Task to carry out:
Everything from the line with "Italy's Damian Clara" to the last line of the listing must be retyped exactly, both ends included, with the pictures dropped.

Recorded data:
_ _ _

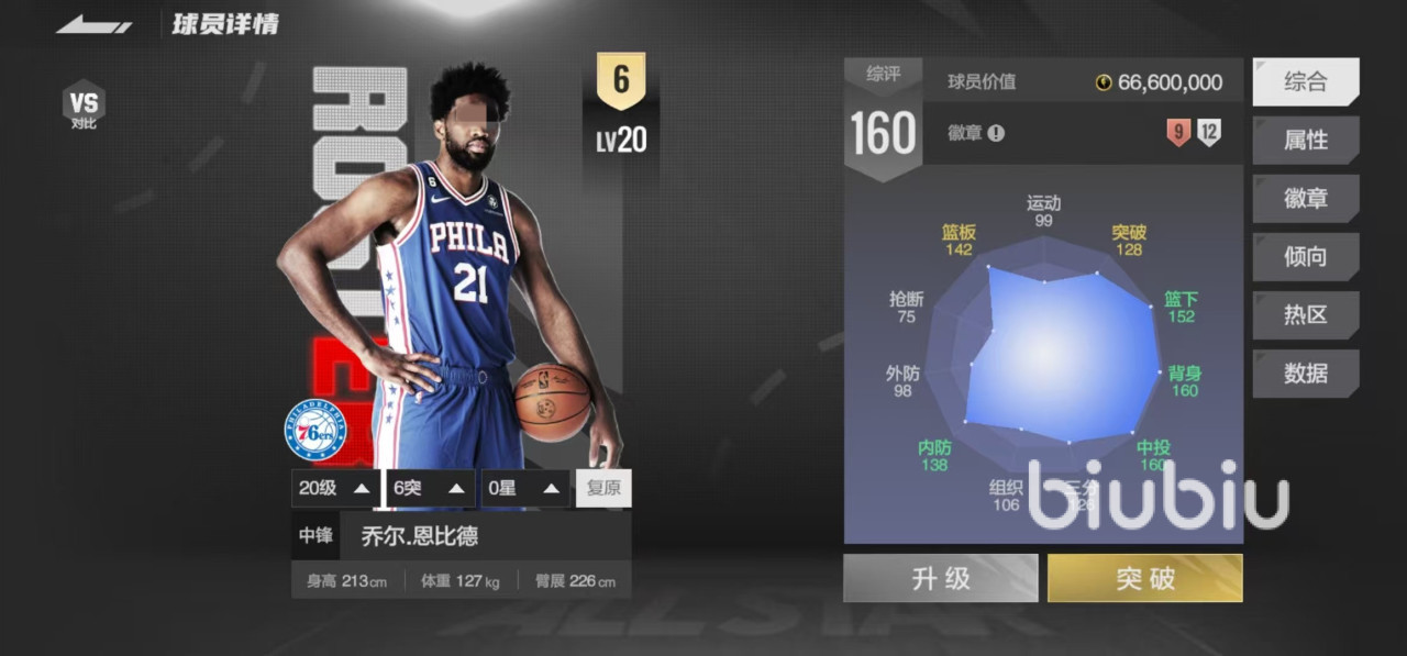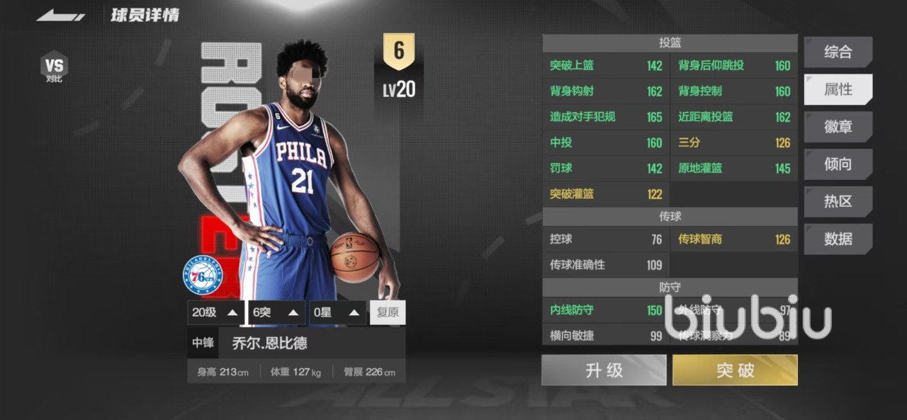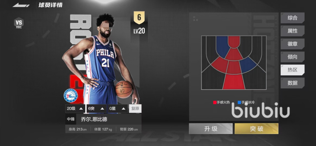 除了大家也可以看出在热区覆盖方还是比较广泛的,而且它的这些个热曲都是比较舒服的位置,可以很好地完成投射。投篮方面,属性大多数都非常抢眼,例如中投160,三分126,突破上篮142,背身后仰跳投160,近距离投篮162等,还有145原地灌篮和122突破灌篮,得分手段全面。在投篮这一方面,乔尔恩比德绝对是属于中锋中极为出色的一个。防守方面的属性也不落下风,尤其是在内线防守方面达到了150可以防住很多内线球员,但是外线防守就比较低了,只有97,还有126盖帽,99的横向敏捷是自身硬伤。
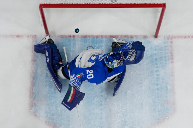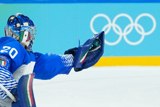 Italy's Damian Clara (20) makes a save during a men's ice hockey qualification playoff game between Switzerland and Italy at the 2026 Winter Olympics, in Milan, Italy, Tuesday, Feb. 17, 2026. Foto: SITA/AP.
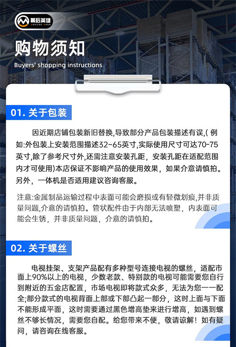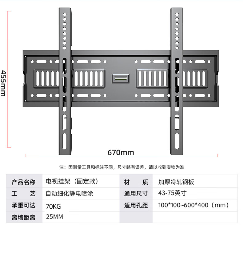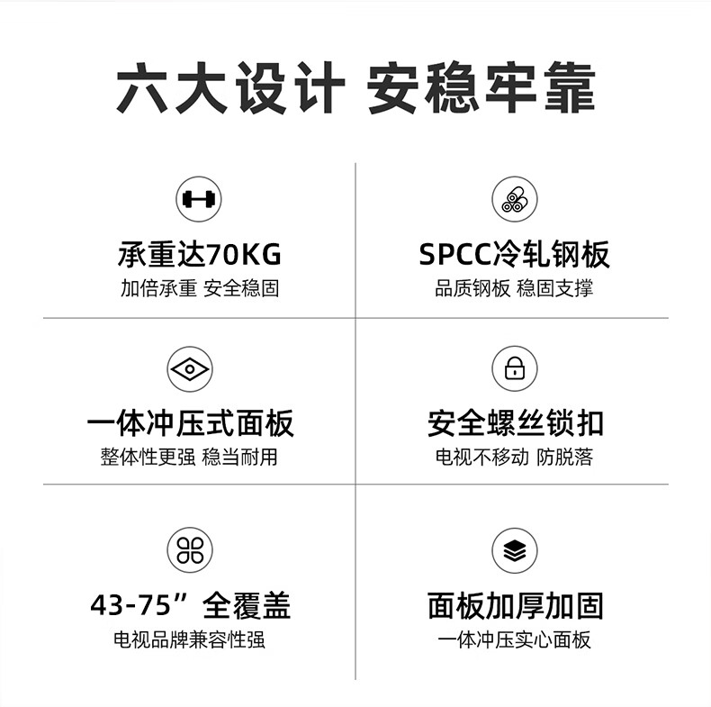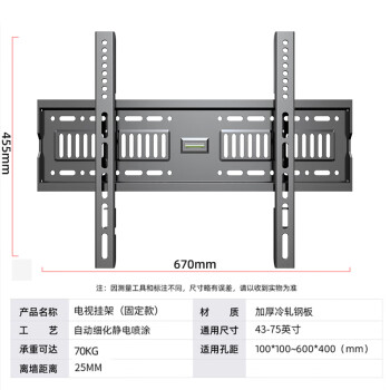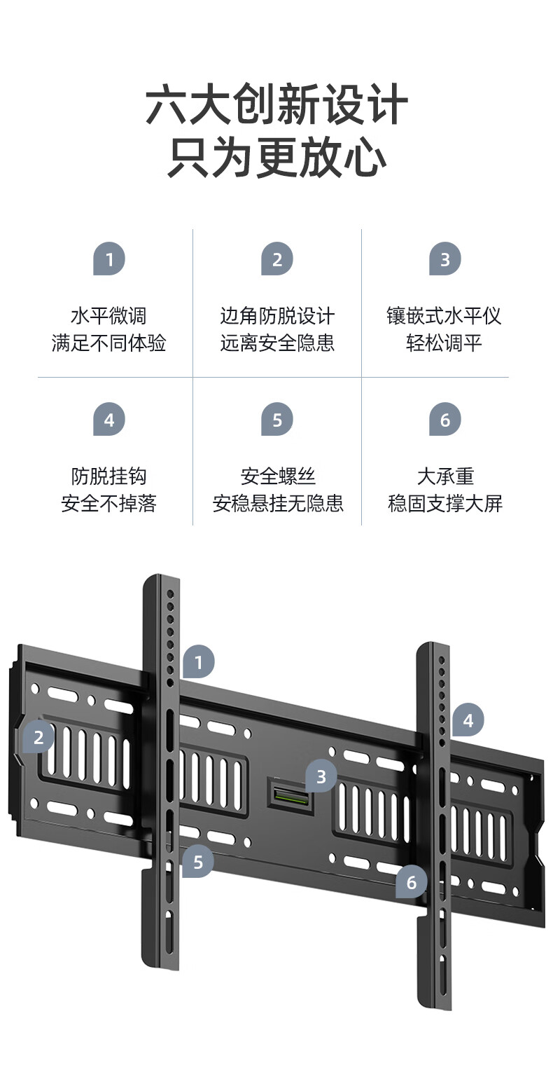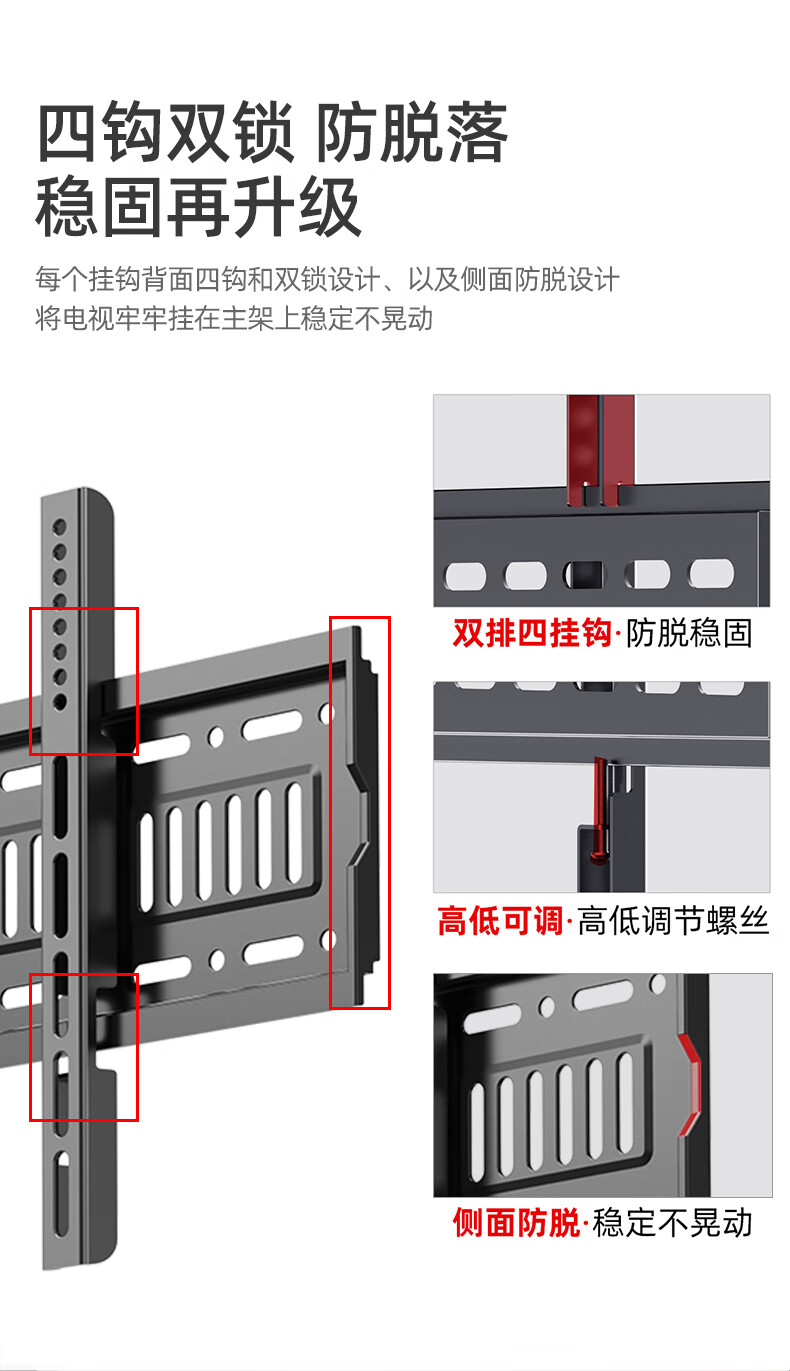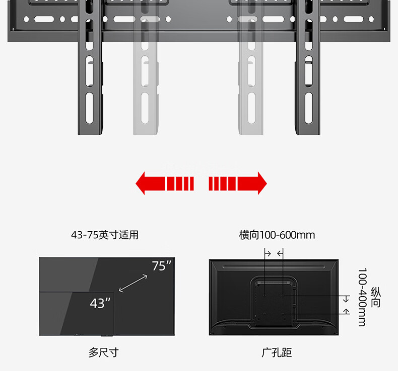 幕后英雄 音視頻配件 W789加厚43-75英寸通用電視機掛架液晶電視支架小米海信創(chuàng)維康佳TCL長虹夏普華為液晶電視壁掛架固定款
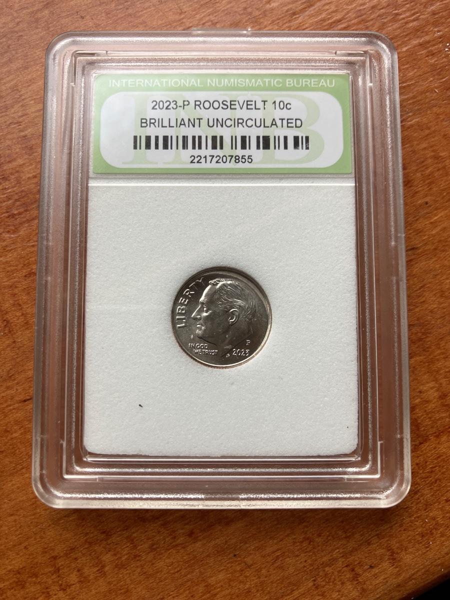 Up for auction is a 2023-P Roosevelt Dime graded and slabbed by the International Numismatic Bureau (INB) as Brilliant Uncirculated.

_ _ _

Answer to the problem:
 Italy's Damian Clara (20) makes a save during a men's ice hockey qualification playoff game between Switzerland and Italy at the 2026 Winter Olympics, in Milan, Italy, Tuesday, Feb. 17, 2026. Foto: SITA/AP.
 幕后英雄 音視頻配件 W789加厚43-75英寸通用電視機掛架液晶電視支架小米海信創(chuàng)維康佳TCL長虹夏普華為液晶電視壁掛架固定款
 Up for auction is a 2023-P Roosevelt Dime graded and slabbed by the International Numismatic Bureau (INB) as Brilliant Uncirculated.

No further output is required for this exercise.